== RECORDS SHOWN ==
========================================================================

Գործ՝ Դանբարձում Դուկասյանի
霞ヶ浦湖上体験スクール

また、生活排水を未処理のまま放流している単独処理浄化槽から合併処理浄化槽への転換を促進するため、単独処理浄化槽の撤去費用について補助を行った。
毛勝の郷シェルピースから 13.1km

========================================================================

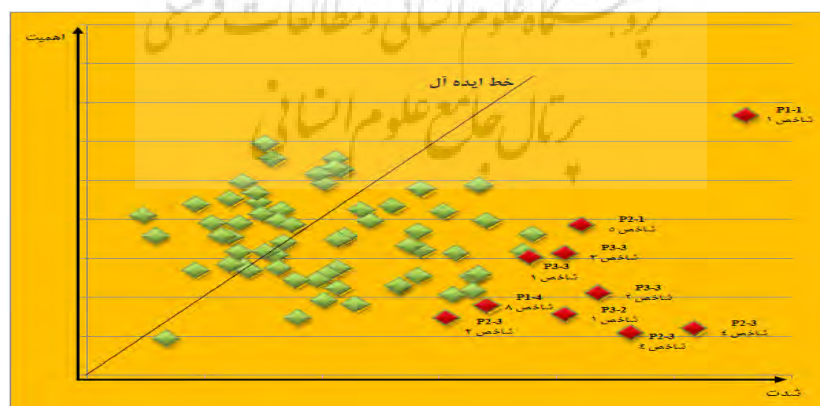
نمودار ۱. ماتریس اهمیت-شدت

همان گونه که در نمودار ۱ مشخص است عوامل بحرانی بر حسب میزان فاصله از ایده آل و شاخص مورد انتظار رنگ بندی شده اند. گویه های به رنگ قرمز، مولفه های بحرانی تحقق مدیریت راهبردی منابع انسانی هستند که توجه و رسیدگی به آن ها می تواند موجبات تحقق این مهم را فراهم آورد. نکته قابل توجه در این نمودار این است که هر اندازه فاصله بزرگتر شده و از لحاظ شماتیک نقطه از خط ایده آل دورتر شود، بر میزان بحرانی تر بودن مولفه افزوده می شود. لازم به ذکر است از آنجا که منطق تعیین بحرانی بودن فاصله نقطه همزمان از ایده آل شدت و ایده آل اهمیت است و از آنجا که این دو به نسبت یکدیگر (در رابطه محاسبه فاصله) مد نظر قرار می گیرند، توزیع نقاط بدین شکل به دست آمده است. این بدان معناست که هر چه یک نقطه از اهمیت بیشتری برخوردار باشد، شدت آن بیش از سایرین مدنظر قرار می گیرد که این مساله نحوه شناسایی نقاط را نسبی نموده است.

========================================================================

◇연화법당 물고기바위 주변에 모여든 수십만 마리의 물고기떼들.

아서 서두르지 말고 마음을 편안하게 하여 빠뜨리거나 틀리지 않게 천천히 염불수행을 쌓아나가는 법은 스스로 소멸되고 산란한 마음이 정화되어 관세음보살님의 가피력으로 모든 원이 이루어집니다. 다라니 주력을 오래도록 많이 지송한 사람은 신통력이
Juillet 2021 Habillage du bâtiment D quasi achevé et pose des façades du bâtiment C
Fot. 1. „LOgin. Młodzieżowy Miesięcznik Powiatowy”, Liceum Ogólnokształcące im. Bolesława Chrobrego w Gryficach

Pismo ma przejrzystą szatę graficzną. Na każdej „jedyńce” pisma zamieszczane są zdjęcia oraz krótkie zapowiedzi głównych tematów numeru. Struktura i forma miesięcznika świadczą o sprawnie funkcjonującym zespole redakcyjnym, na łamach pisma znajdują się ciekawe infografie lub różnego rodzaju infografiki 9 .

========================================================================

== ACTIVITY ==
Look through the data above and return exactly the lines from the one that contains "Գործ՝ Դանբարձում Դուկասյանի" to the one that contains "毛勝の郷シェルピースから 13.1km", inclusive, with nothing else.

== EXPECTED OUTPUT ==
Գործ՝ Դանբարձում Դուկասյանի
霞ヶ浦湖上体験スクール

また、生活排水を未処理のまま放流している単独処理浄化槽から合併処理浄化槽への転換を促進するため、単独処理浄化槽の撤去費用について補助を行った。
毛勝の郷シェルピースから 13.1km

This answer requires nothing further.